Giving Compass' Take:

• News Deeply reports on an app by a Nigerian inventor that allows local groups to purchase food close to its expiration date from grocery stores and feed it to the hungry.

• This is a good example on how technology can serve the greater good. After you read this piece, be sure to ask: What are we doing to support entrepreneurs working in the aid and development sector?

Here's how mobile apps are transforming civil society in Iran.


Oscar Ekponimo, the Nigerian inventor of a web app improving food accessibility and affordability for poverty-stricken people, had his “epiphany” when he was strolling the aisles of a supermarket in 2014 and unearthed a can of tuna that was about to expire.

“I pulled [the can] off the shelf and I said to the shopkeeper, ‘Hey look, expiring in a matter of a week,’” the 31-year-old software engineer explained.
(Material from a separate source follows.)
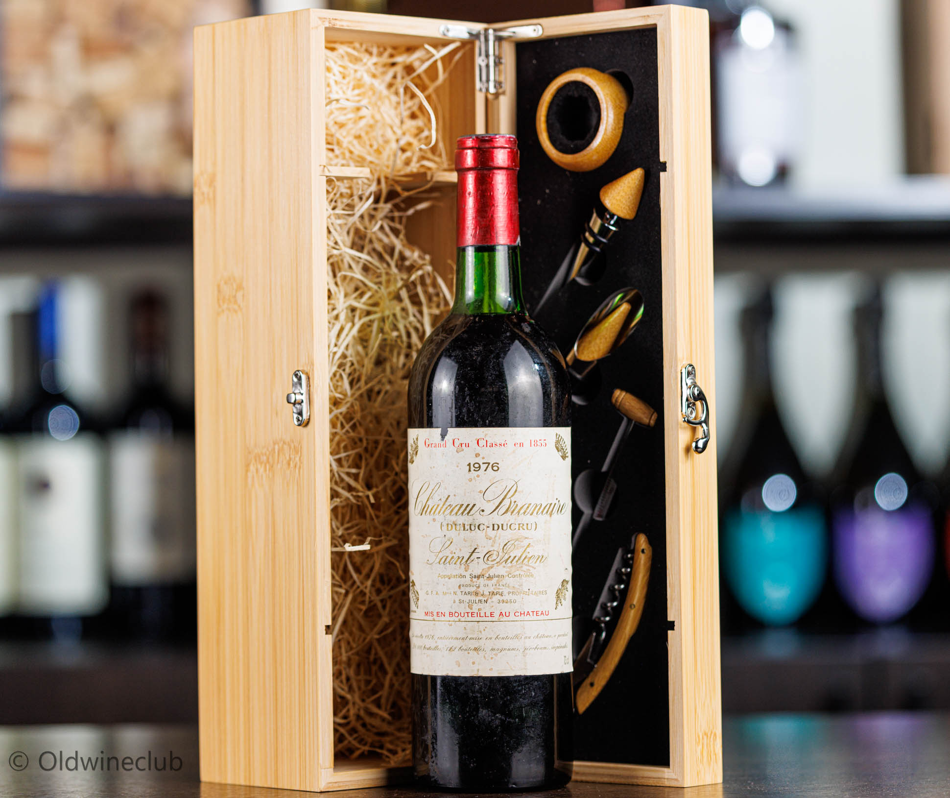 Бутылка предлагается в деревянном подарочном коробе с аксессуарами для вина.

They were “throwing away food that was still consumable because it had reached its expiry date.”

Today, Ekponimo’s app Chowberry, notifies retailers in real-time when their food items are approaching expiry and lets them initiate discounts on them, which allows non-governmental organizations to distribute them to needy people. Through the app, those organizations can order products listed by Chowberry’s partner retail shops, receive a unique code which they present at stores and then take the food home.

The discounts, which can reach up to 75 percent, increase as their sell-by date approaches.

It’s one approach to a global problem. Despite a billion people around the world experiencing hunger, up to one-third of all food is destroyed post-harvest and through transportation, or is thrown away by consumers and stores, according to the U.N.’s Food and Agriculture Organisation (FAO).

In Nigeria, which has over 182 million people, making it Africa’s most populated country, 60 percent of people live below the poverty line, on less than $1 a day, according to the World Food Program (WFP). Ekponimo hopes to make even a small difference.